We are all given our vocations in this life, some to the monastic life, some to the secular. These vocations are not the same. As the English Mystic, St. Walter Hilton, tells us: “They [laymen] in their worldly business flee many sins which thou [monks] if thou wert in their state shouldest fall in, and they do many good deeds which thou couldest not do.” God has given to each their vocation, and with it comes its own struggles. There is a danger in pretending that you have been given a different vocation than what God has given you. The monastic cannot emulate the secular, nor should the secular pretend they are monks. The article points out, “One life is not a greater life; it is a different life. There is a divergence in vocation, and therefore a divergence in duty; it is spiritually detrimental to think that you can swap one for the other. The monk rises at midnight to chant the Office; the mother rises at midnight to comfort the crying child –and both meet God.”
I am not saying, don’t read the mystics or the spiritual writings of the Church. I am saying that they should be read prayerfully and that you should not confuse their vocation with yours. Wherever God has you right now, whatever he has called you to this moment is where he will meet you. That is your vocation, whether you are married or single, ordained or firmly planted in your secular calling; if you are parents or have no children, God has called you and given you this moment. Learn to be faithful in the vocation you have, and he will meet you. If we pretend to have a different vocation, or consider the vocation we have been given as deficient, then we will fail to receive the means by which God seeks to form us and give himself. Your spouse, your children, where you live, and your jobs have been given to you for your spiritual life.

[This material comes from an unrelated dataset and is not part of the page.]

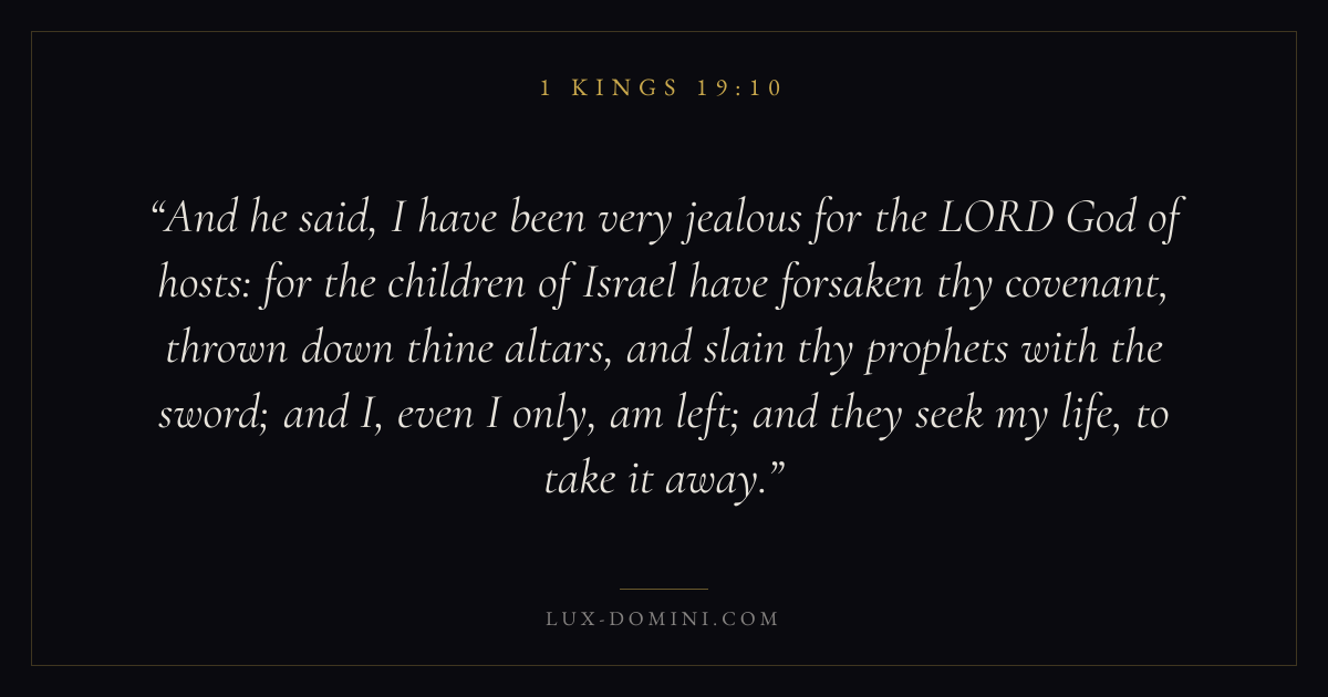 And he said, I have been very jealous for the LORD God of hosts: for the children of Israel have forsaken thy covenant, thrown down thine altars, and slain thy prophets with the sword; and I, even I only, am left; and they seek my life, to take it away.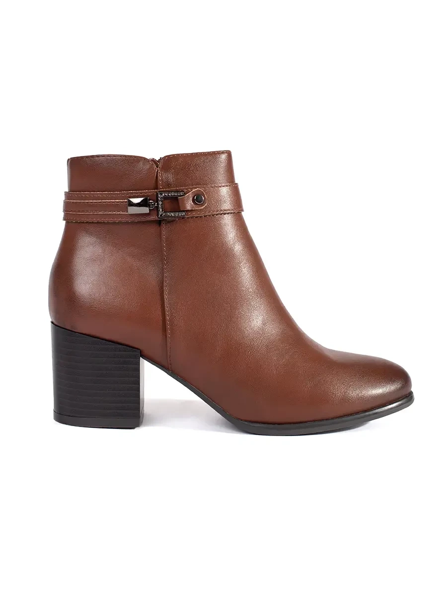 Praktické dámske členkové topánky hnedej farby na širokom podpätku

Of course, as we get older, life situations progress, a late calling to a different vocation arises, doors close, and others open. These are to be expected, and the way forward should be discerned with much prayer. But in all of this, we are called to be faithful to what God is doing in our lives, not neglecting the duties he has given us, but knowing that God has been preparing you, he is with you, and has gone before you. Seek God in all things, for he is there, or as the hymn St. Patrick’s Breastplate says, “Christ with me, Christ before me, Christ behind me, Christ in me, Christ beneath me, Christ above me, Christ on my right, Christ on my left, Christ when I lie down, Christ when I sit down, Christ when I arise, Christ in the heart of every man who thinks of me, Christ in the mouth of everyone who speaks of me, Christ in every eye that sees me, Christ in every ear that hears me.”